• INSTRUCTIONS FOR THE TASK:
Pick out every line of the entries below where "legs" occurs, and copy those lines.

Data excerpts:
····················
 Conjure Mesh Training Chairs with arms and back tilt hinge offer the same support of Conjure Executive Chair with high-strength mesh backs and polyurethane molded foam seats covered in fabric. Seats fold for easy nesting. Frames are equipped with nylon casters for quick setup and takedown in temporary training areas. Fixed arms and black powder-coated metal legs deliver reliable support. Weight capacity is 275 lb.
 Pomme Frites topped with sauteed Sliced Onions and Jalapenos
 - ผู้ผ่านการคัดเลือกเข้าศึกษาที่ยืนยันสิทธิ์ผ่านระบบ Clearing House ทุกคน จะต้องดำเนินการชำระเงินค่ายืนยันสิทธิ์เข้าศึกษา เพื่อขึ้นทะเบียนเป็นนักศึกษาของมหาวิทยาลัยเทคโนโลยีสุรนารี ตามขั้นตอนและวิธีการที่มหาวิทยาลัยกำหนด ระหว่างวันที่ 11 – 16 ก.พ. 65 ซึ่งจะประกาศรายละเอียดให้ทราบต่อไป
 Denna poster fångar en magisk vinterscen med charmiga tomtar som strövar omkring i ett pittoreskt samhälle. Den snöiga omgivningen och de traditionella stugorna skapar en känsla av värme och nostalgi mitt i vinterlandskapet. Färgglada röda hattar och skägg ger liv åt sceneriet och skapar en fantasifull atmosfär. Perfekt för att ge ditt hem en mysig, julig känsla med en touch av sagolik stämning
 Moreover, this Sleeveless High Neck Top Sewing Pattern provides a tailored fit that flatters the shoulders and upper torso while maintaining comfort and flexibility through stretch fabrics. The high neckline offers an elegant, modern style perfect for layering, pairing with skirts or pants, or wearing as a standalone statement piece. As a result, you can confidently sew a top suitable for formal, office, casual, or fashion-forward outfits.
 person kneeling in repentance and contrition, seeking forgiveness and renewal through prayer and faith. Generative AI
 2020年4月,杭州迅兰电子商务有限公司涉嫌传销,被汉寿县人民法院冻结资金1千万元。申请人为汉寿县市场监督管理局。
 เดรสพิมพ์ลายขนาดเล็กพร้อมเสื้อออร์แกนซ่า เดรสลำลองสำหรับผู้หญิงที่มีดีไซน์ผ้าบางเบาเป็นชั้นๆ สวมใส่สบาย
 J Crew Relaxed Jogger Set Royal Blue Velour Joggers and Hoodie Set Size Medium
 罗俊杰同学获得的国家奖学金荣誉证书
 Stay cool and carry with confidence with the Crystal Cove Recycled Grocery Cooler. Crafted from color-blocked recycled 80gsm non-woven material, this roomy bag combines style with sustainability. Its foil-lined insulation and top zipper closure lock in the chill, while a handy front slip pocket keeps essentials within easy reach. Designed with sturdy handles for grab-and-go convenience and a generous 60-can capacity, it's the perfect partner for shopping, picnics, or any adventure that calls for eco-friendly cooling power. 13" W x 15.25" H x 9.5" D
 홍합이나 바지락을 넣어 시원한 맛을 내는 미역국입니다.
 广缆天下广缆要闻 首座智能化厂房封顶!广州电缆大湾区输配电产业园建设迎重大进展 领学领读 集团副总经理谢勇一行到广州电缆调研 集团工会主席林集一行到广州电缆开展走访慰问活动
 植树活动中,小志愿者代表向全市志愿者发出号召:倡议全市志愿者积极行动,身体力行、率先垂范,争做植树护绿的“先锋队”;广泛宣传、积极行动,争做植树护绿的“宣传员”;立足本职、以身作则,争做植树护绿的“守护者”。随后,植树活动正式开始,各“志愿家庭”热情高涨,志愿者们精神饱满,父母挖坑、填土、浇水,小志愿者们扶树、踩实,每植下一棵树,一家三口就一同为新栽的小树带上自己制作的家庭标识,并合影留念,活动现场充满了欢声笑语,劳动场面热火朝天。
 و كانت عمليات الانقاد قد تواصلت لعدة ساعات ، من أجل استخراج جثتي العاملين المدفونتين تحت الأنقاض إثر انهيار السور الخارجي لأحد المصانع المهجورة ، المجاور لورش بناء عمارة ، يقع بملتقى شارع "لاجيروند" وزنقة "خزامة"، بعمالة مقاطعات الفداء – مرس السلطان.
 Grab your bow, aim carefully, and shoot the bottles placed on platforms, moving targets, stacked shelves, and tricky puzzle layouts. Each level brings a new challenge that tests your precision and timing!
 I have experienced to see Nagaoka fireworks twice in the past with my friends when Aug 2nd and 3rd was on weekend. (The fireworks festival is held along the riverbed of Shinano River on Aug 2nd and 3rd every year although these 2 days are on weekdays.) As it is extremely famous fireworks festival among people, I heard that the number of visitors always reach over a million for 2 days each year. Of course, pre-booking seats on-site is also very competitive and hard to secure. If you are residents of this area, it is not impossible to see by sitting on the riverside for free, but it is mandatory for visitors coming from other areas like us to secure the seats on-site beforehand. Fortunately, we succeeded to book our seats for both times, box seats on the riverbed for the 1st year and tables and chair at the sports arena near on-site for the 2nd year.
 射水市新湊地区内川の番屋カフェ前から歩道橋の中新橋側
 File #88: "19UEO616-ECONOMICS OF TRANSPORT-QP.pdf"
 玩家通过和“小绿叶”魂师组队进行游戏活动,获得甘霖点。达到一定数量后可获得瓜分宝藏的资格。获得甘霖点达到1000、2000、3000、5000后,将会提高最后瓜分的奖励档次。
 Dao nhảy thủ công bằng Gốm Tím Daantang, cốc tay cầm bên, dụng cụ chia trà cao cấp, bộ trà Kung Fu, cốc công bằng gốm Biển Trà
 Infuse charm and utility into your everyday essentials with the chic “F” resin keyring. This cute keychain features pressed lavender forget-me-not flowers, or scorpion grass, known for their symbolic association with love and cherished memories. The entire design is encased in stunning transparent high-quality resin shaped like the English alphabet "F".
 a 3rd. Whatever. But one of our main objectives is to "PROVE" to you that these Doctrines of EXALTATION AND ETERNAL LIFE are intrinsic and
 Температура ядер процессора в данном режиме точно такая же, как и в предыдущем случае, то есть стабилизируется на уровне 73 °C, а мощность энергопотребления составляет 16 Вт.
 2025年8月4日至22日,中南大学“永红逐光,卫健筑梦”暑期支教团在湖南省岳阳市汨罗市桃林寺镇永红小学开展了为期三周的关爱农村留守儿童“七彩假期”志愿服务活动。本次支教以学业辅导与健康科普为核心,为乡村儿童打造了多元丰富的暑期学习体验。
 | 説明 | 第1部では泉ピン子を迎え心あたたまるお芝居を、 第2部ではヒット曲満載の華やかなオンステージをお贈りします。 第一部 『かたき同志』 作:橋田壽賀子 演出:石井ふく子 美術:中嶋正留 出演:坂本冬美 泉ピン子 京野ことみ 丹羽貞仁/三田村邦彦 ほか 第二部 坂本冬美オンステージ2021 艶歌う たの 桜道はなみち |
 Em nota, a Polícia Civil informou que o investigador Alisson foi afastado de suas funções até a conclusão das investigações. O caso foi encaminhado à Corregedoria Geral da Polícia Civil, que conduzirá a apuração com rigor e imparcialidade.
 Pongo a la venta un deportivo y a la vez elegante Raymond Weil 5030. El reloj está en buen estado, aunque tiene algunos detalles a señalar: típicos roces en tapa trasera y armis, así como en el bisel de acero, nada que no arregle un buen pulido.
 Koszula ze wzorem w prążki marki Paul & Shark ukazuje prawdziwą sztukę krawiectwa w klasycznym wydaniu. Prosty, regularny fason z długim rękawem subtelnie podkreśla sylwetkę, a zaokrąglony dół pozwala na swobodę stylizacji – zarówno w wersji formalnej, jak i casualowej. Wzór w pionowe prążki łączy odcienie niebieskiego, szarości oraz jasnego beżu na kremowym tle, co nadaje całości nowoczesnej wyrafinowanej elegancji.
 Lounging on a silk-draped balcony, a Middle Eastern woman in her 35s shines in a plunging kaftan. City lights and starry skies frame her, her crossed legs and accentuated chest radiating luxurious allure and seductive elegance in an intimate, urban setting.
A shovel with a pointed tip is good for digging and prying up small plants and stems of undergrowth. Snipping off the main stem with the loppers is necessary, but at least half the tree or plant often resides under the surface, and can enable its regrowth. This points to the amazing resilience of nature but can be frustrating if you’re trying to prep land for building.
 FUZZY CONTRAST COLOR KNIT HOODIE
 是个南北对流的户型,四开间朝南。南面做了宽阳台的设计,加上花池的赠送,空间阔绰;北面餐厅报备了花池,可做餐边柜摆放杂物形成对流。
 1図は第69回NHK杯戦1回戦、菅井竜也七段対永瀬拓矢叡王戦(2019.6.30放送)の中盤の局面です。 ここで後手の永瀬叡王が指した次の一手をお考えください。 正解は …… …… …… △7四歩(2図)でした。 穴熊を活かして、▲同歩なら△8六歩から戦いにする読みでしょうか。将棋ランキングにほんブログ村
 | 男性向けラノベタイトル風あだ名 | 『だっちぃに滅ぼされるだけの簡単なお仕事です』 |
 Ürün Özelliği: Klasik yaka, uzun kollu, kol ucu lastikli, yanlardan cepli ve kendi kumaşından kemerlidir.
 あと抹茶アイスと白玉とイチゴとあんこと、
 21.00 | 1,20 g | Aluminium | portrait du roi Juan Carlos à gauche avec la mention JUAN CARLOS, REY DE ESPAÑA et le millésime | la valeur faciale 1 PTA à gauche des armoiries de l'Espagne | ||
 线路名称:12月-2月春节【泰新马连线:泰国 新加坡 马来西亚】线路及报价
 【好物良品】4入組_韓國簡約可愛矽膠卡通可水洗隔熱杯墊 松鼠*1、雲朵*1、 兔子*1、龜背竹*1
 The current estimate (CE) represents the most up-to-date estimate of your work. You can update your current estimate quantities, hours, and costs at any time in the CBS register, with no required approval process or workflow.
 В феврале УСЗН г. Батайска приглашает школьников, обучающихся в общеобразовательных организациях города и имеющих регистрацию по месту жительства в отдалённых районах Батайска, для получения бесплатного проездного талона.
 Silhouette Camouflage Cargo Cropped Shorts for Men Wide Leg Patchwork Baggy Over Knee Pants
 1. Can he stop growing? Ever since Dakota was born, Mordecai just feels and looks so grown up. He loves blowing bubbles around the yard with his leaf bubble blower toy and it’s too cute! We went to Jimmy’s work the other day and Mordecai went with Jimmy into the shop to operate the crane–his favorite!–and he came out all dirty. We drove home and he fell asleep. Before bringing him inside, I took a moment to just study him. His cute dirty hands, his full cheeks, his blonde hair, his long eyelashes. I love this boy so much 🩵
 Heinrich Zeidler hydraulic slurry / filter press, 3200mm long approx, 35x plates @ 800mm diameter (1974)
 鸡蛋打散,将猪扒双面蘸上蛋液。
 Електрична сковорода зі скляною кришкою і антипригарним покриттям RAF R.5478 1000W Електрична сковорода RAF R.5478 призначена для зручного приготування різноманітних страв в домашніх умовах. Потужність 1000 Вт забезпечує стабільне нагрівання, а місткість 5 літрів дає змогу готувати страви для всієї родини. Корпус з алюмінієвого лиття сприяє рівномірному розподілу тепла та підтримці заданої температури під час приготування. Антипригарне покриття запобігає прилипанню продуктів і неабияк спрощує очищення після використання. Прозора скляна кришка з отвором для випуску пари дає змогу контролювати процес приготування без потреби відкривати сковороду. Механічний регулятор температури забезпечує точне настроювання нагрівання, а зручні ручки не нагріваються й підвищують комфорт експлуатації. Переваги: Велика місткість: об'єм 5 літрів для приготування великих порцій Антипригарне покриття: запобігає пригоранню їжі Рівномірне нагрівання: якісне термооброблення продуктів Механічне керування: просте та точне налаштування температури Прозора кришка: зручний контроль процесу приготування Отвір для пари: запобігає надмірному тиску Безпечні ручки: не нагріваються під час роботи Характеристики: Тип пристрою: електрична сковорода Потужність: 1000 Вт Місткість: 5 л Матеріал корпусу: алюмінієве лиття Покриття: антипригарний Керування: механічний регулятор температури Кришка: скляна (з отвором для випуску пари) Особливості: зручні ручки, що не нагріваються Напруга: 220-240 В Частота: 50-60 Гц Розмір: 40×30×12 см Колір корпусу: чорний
····················
• WRITTEN RESPONSE:
 Conjure Mesh Training Chairs with arms and back tilt hinge offer the same support of Conjure Executive Chair with high-strength mesh backs and polyurethane molded foam seats covered in fabric. Seats fold for easy nesting. Frames are equipped with nylon casters for quick setup and takedown in temporary training areas. Fixed arms and black powder-coated metal legs deliver reliable support. Weight capacity is 275 lb.
 Lounging on a silk-draped balcony, a Middle Eastern woman in her 35s shines in a plunging kaftan. City lights and starry skies frame her, her crossed legs and accentuated chest radiating luxurious allure and seductive elegance in an intimate, urban setting.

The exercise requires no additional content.